Point b is demonstrated by the consistently lower permeability of central membrane element 2 (E2) compared with elements E1 and E3 following cleaning. E2 was the central element which, as indicated in Fig. 4a, accumulated more sludge solids more rapidly than the two outer elements E1 and E2.
So it appears that sludging cannot be distinguished from fouling based on the TMP transient, since in both cases the expected TMP increase arises. The key difference is that sludging is not substantially removed by the chemically-enhanced backwash (CEB). It also seems that once a membrane is heavily sludged its original permeability is not recovered by mechanical and chemical cleaning – at least in the case of the PVDF HF membranes used in the study.
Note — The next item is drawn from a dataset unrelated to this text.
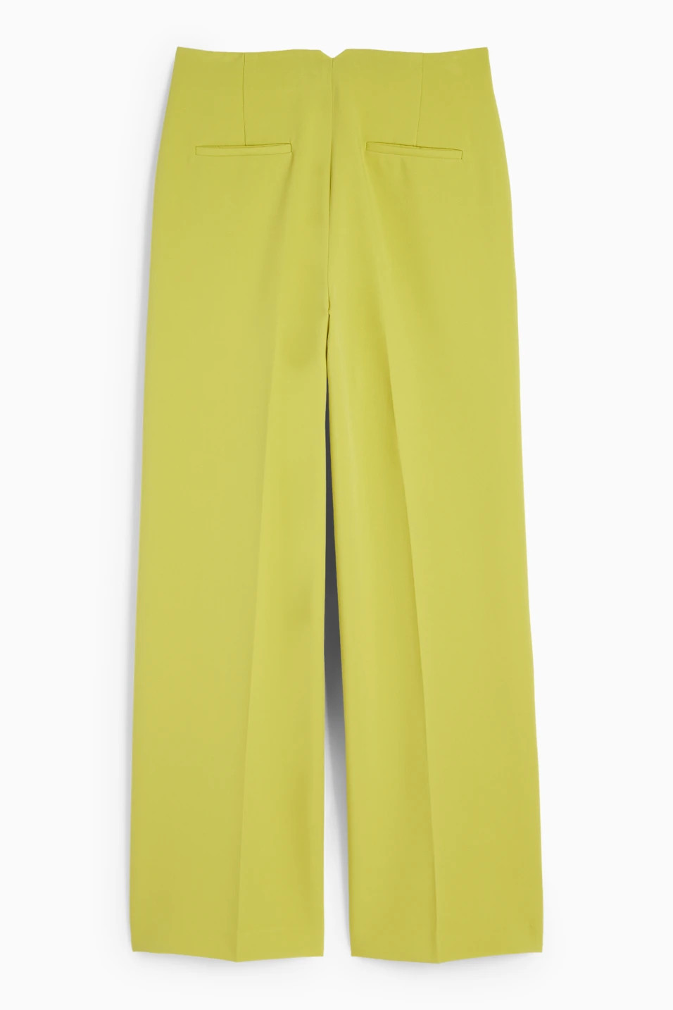 Business trousers made of woven fabric. Creases and two side pockets and two mock back pockets.

This latter point was also observed in subsequent work by Zsirai et al. (2014) based on similar membranes but challenged with high mixed liquor suspended solids (MLSS) concentrations (6-32 g/L MLSS) to exacerbate sludging. The authors reported a precipitous decline in permeability at around 18 g/L MLSS with an associated increase in clogging rate (Fig. 5). As with Buzatu et al. (2012), the residual permeability of the chemically-cleaned membrane post-clogging was consistently less than that of the original permeability. The same effect was not observed with fouling alone, where the initial permeability was recovered by the CEB.
3.2 Sludging correlations with MLSS properties
The more recent work conducted at Qatar University, based on a flat sheet membrane (Fig. 3a), aimed to identify patterns in clogging behaviour from accelerated testing. The authors observed clear differences in clogging characteristics between a more challenging, less-filterable industrial sample compared with a municipal sample (Buzatu et al., 2018). Whereas the municipal sludge formed a cake on the surface but did not fill the channel (Fig. 6a), complete sludging was observed with the industrial sample (Fig. 6b).
No correlation was evident between fouling and sludging for either sludge sample, in that sludging was not associated with the dissolved COD concentration whereas fouling increased with soluble COD as expected. The only parameter which appeared to be directly associated with sludging was the MLSS concentration, which then also affected the sludge rheology. Interesting, it was at the excessive MLSS concentrations above 18 g/L that sludging was most pronounced, the retained solids collecting at the membrane panel edges (Fig. 7) due to the constriction of the air bubble stream associated with the highly viscous fluid (see the video below, showing the air bubble stream and clogging in a flat sheet MBR). Air bubble stream constriction in viscous fluids is well known, having been originally reported by Tomiyama et al. in 2002.
Clogging versus fouling in immersed membrane bioreactors
4. Summing up
The outcomes from the sludging studies so far have provided an indication of the impacts of this phenomenon, with some tentative steps towards identifying the causes. It seems clear that it is the physical characteristics of the sludge, and probably its rheological behaviour, which leads to sludging. This being the case, the most effective approach to practical sludging control is likely to be in maintaining even MLSS concentrations throughout the membrane tank through effective air scouring and good system hydraulics to minimise concentration polarisation.
However, there can be no doubt that there is considerably more to learn regarding the root causes of sludging, and that fouling phenomena (which are largely related to system biochemistry) are unlikely to be relevant. Unlike fouling, sludging is not ubiquitous. But, also unlike fouling, severe sludging is not rectified by chemical cleaning. Clearly, there needs to be a more concerted effort to understand sludging if many practitioners are not to be left scratching their heads.